Community solar companies across Maine sued the Public Utilities Commission Monday, attempting to block the implementation of a new law designed to reduce the impact of solar development subsidies on the state’s electricity customers.
A group of 11 companies are claiming the law, which modifies Maine’s long-fought-over net energy billing program, violates their constitutional rights.
The law, passed earlier this year, restructured the program, including by creating a monthly charge for some community solar projects based on their size. Those charges could range from $2,800 to $30,000, depending on how much electricity a given system is capable of producing, and are designed to offset the distribution costs that could otherwise fall to ratepayers.
But the community solar companies claim it would cause “immediate and irreparable harm” to their businesses and are asking for a preliminary injunction before Jan. 1, when the new law is slated to take effect.
Specifically, the companies argue that a new project charge would violate a clause in the Fifth Amendment that prohibits the government from taking private property for public use without just compensation.
“The character of the government action is akin to a physical taking, because the government is essentially devaluing the electrons — themselves physical property — generated by the regulated (generators),” attorneys for the group argued in the 97-page filing.
They added that the new law would devalue the solar companies’ property, both in terms of generation facilities themselves and the land on which they sit.
They also argue that the law violates the Constitution’s contracts clause, which prohibits the government from creating laws that would undermine private groups’ abilities to fulfill contracts.
The new fees and modified cost structure could result in some projects defaulting, the plaintiffs said.
Jeff Cramer, president of the Coalition for Community Solar Access, a trade group the companies are members of, said the law’s implementation would “send a chilling signal” to businesses seeking to invest in clean energy in Maine.
“When a state retroactively changes the rules on projects already operating and serving customers, it tells investors, lenders, and developers that the state cannot be trusted to provide a reliable, rational business climate for future investment,” Cramer said in a written statement.

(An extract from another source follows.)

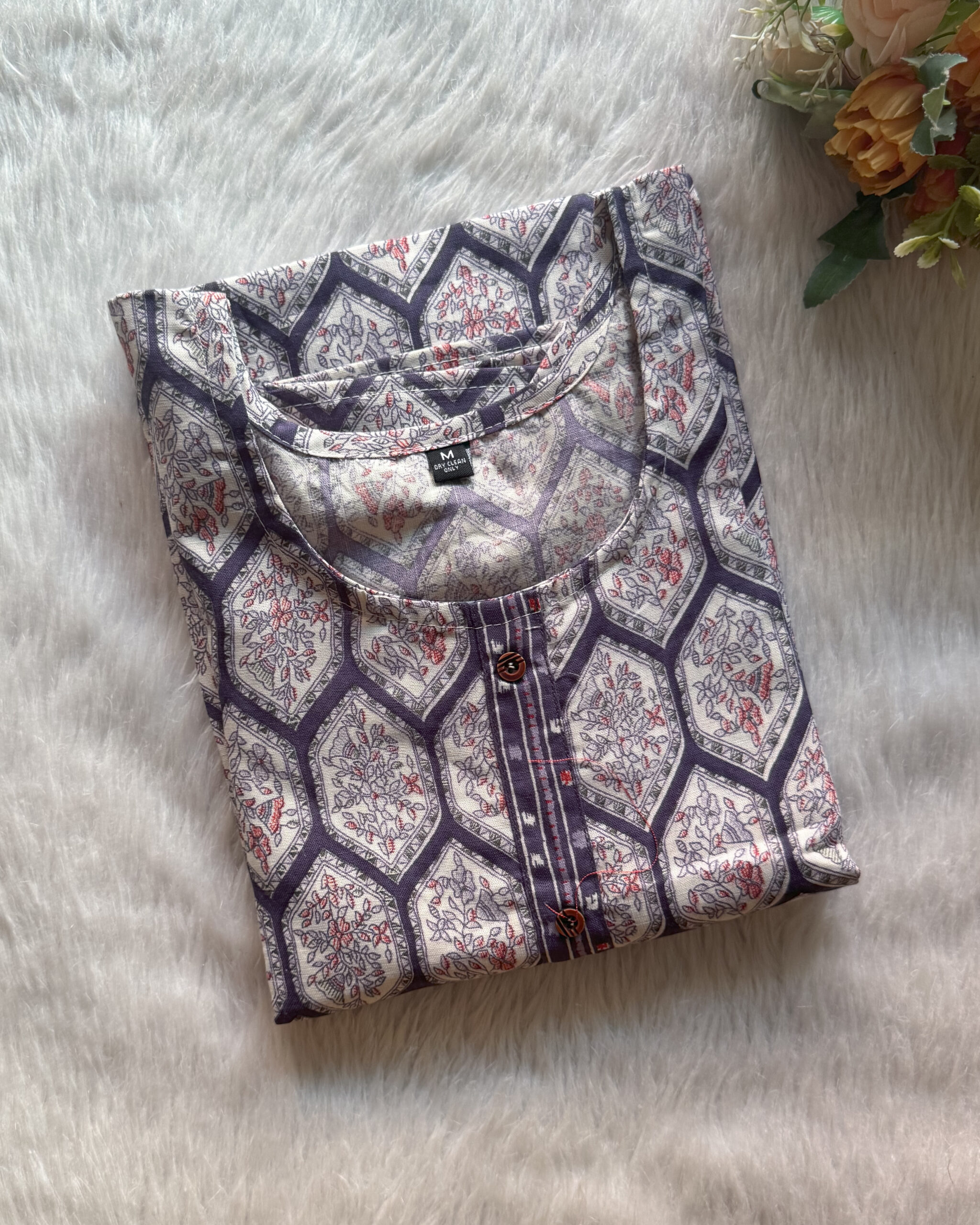 This cotton kurti features lovely floral motifs and elaborate buttons in the yoke pattern. It has a round collar. It’s perfect for daily use.

The Maine Office of the Public Advocate forecast that the new law would save electricity customers about $1.2 billion over the next 16 years. The existing net billing law is currently forecast to cost Mainers — including those who do not participate — more than $230 million this year, according to the public advocate.
A spokesperson for the utilities commission said its attorneys had just received and were still reviewing the lawsuit after 4 p.m., referring questions to the Maine Office of the Attorney General. A spokesperson for the AG’s office said they were unable to confirm whether it is representing the utilities commission in this case.